* _Task requirements_: Once the line with "The management of" is found in the entries below, repeat it and each following line exactly, up to and including the line with "Vile Tip A: 10". Add no other lines.

* _Input for this task_:
▬▬▬▬▬▬
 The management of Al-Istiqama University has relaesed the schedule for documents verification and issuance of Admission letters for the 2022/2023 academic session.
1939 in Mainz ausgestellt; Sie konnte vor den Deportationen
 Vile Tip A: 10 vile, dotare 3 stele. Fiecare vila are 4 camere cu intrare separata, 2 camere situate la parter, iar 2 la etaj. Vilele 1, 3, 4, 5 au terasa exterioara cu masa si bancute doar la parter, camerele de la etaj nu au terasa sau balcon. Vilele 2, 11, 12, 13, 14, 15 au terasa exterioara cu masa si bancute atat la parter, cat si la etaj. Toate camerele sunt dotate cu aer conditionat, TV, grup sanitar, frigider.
▬▬▬▬▬▬
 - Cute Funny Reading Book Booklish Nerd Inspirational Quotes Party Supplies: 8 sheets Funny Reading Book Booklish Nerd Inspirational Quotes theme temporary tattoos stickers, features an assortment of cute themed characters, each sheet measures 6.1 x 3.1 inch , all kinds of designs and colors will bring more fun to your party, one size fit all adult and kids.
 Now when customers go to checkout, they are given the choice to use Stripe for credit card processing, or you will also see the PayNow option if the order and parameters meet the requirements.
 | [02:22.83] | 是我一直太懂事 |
▬▬▬▬▬▬
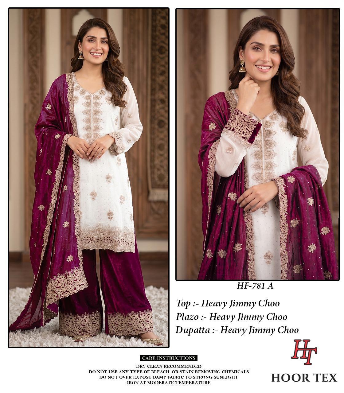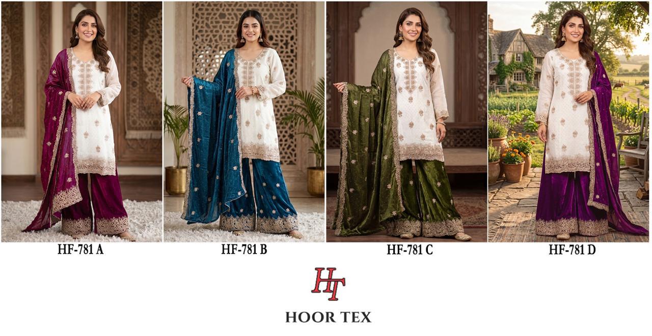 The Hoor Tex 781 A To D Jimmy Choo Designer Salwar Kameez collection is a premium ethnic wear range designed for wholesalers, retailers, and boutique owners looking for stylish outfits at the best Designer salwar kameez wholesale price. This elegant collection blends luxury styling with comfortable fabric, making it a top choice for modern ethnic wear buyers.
▬▬▬▬▬▬
* _The completed task_:
 The management of Al-Istiqama University has relaesed the schedule for documents verification and issuance of Admission letters for the 2022/2023 academic session.
1939 in Mainz ausgestellt; Sie konnte vor den Deportationen
 Vile Tip A: 10 vile, dotare 3 stele. Fiecare vila are 4 camere cu intrare separata, 2 camere situate la parter, iar 2 la etaj. Vilele 1, 3, 4, 5 au terasa exterioara cu masa si bancute doar la parter, camerele de la etaj nu au terasa sau balcon. Vilele 2, 11, 12, 13, 14, 15 au terasa exterioara cu masa si bancute atat la parter, cat si la etaj. Toate camerele sunt dotate cu aer conditionat, TV, grup sanitar, frigider.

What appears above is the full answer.